Colonial intervention is only part of the story of African textiles.
“One of the things that I need to do, as a curator, is dispel the myths
that people have about Africa,” says Spring. “They don’t think of it as
somewhere that’s been trading with different parts of the world long
before Europeans arrived. They don’t have an idea of global Africa.”
The narrow view that Spring is deconstructing posits Africa either as
a single country beset by war, famine and disease, or views the
continent through rose-tinted shades — the home of the big five with big
skies to match.
In fact, what Spring repeatedly refers to as global Africa creates a
far more complex patina and does not lend itself to convenient
definitions. Many African textiles are produced in India, China, the
Netherlands or Japan. As Spring points out, the Chinese traded their
silk to Ethiopia centuries ago.
Across town, the Stephen Friedman Gallery is exhibiting a series of
artworks by Yinka Shonibare, who uses the Yoruba-style batik as a sign
of his “postcolonial” identity, according to the press release.

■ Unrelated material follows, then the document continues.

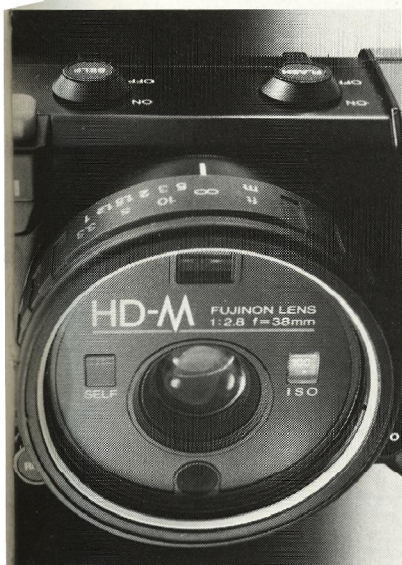
Den kraftige gummiring gør det nemt at fokusere HD-M under vanskelige forhold. Samtidig dækker beskyttelsesglasset både objektiv, søger, ISO-vindue, selvuløserblink og lysmålervindue.

The theme of Shonibare’s exhibition is the greed and excess that led
to the global economic crisis. But it is not all a picture of doom and
gloom. There is an element of comedy in these works, like his headless
figure, B(w)anker - a portly banker gripping an erupting champagne
bottle like a phallus and dressed from top to tail in African batik.
Shonibare’s batik-wearing Champagne Kids have globes for their heads,
and are drinking bubbly straight from the bottle. All are perched
precariously, either about to fall off a chair, or dangling from the
wall. Each football-sized globe head records a significant date in the
global economic meltdown of 2008, such as when Lehman Brothers
collapsed, or when the Irish, Spanish and Greek markets unravelled.
A shorthand for identity
His central piece, Last Supper (after Leonardo), subverts the
Christ image, replacing him with Bacchus, the god of wine. Bacchus and
his disciples are life-sized headless mannequins, and Bacchus also has
the furry legs of a goat. Bottles of champagne are strewn all over the
table, gluttony and fornication the order of the day. This installation
comes to represent the debauched last supper of the bankers, “before
their crucifixion in recession”, explains Shonibare.
The figures are neither black nor white and all dressed in the vivid
colours of Dutch-produced wax batik, based on Indonesian designs,
traditionally worn in Nigeria. Can you call it African?
“There are regional textiles, but I don’t know if you’d call them
African,” Shonibare says. “Within Africa there are indigenous textiles
and it’s not connected to the global trade. I guess you could say those
are indigenous regional textiles, but as you know the concept of Africa
is a Western one.”
Shonibare warns against reading too much into the extensive use of
(so-called) African textiles in his work. “Really they’re just tropes”,
a shorthand for identity “in a world of stereotypes”.
“[African] people are experiencing global culture and they’re not
stuck in some kind of traditional African state. They’re part of a
global conversation. They’re essentially modern people.”
Shonibare points out that his current show is about the decadence of
bankers and that art cannot be read like a book, it is not like a
sermon.
“The fabrics are just a vehicle for producing magic. What you’re
looking at is a form of visual poetry, and there are things happening in
the work beyond the simple sign of the fabric,” he says."
Louis Vuitton’s menswear range 2011, heavily drawing on traditional Masai plaids
worn with desert boots - 'veldskoene' and socks and sandals!